Israel-based open source security and license compliance management company, WhiteSource, today announced its acquisition of Renovate, an open-source project for dependency updates. Renovate’s offerings will now be available for free under its new name, WhiteSource Renovate.
WhiteSource Renovate will be integrated into the WhiteSource product portfolio, which includes WhiteSource Core and WhiteSource for Developers. More importantly, WhiteSource will now offer the existing paid offerings of Renovate for free: a GitHub app, a GitLab app, and a self-hosted solution, all under the WhiteSource Renovate umbrella.
Why WhiteSource collaborated with Renovate?
Renovate basically provides automatic dependency updates. Many third-party modules can introduce bugs and vulnerabilities in a product. The only reliable risk mitigation strategy is to keep dependencies continuously patched. In such scenarios, Renovate runs continuously to detect the latest available versions. You receive automated Pull Requests whenever dependencies need updating. It can also define schedules to avoid unnecessary noise in projects (e.g. for weekends or outside of working hours, or weekly updates, etc). Multiple languages and file types are supported in order to detect dependencies wherever you use them.
Acquiring a company like Renovate makes sense as it resonates with what WhiteSource already does. WhiteSource basically tracks vulnerabilities in open source packages. With Whitesource, organizations can track open source components in their code, identifying when there are vulnerabilities, and provide routes to fix them.
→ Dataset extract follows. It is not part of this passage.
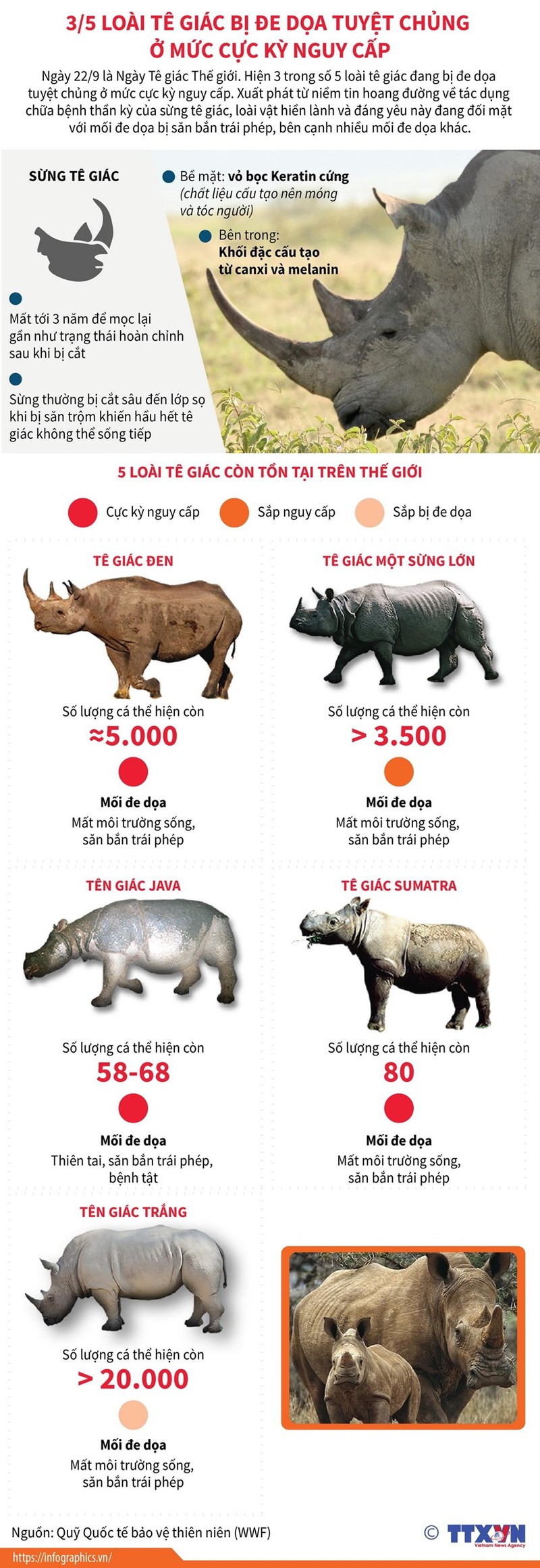 Ngày 22/9 là Ngày Tê giác thế giới. Hiện ba trong số năm loài tê giác đang bị đe dọa tuyệt chủng ở mức cực kỳ nguy cấp.
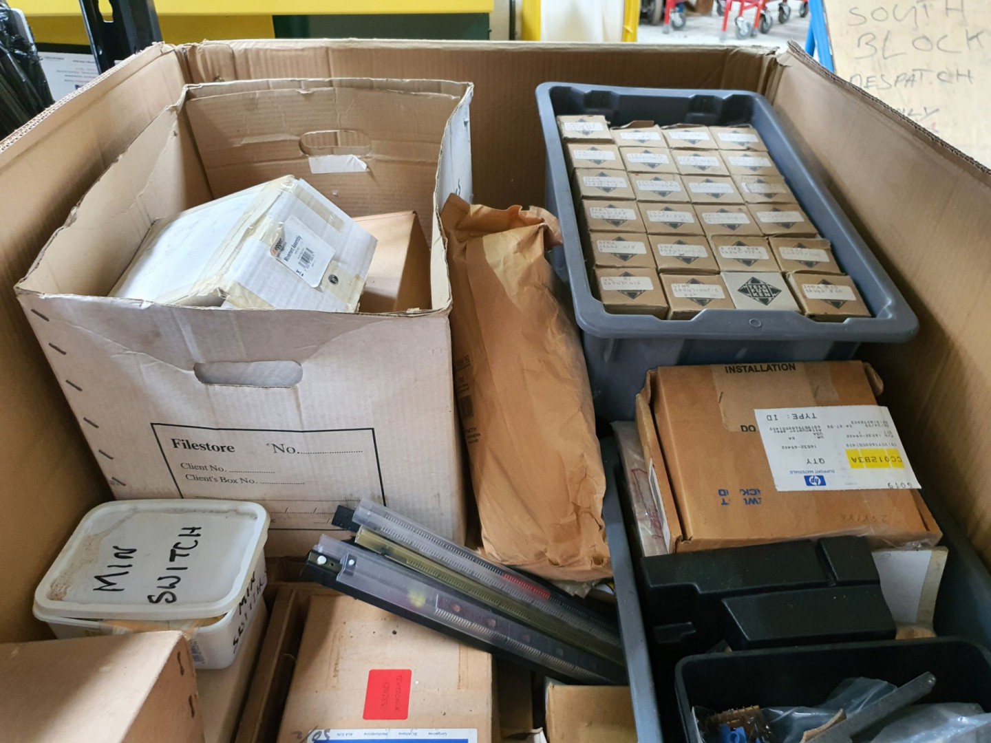 Qty various HP / Agilent, Marconi, Tektronix, AVO spare parts etc in box - Lot Located at: PP Saleroom, Aunby, Lincolnshire

Last month, WhiteSource announced that it has raised $35 million to expand the scope of its work.
“We’re excited to add Renovate’s technology to the WhiteSource product line, and we’re looking forward to getting it into the hands of as many developers as possible,” said Rami Sass, CEO of WhiteSource. “ We’re proud that a tool for updating dependencies is itself open source and will ensure the project continues to extend its leadership in multi-platform and language support. Developers can now hopefully spend more time innovating and less time manually resolving security vulnerabilities or dependency updates.”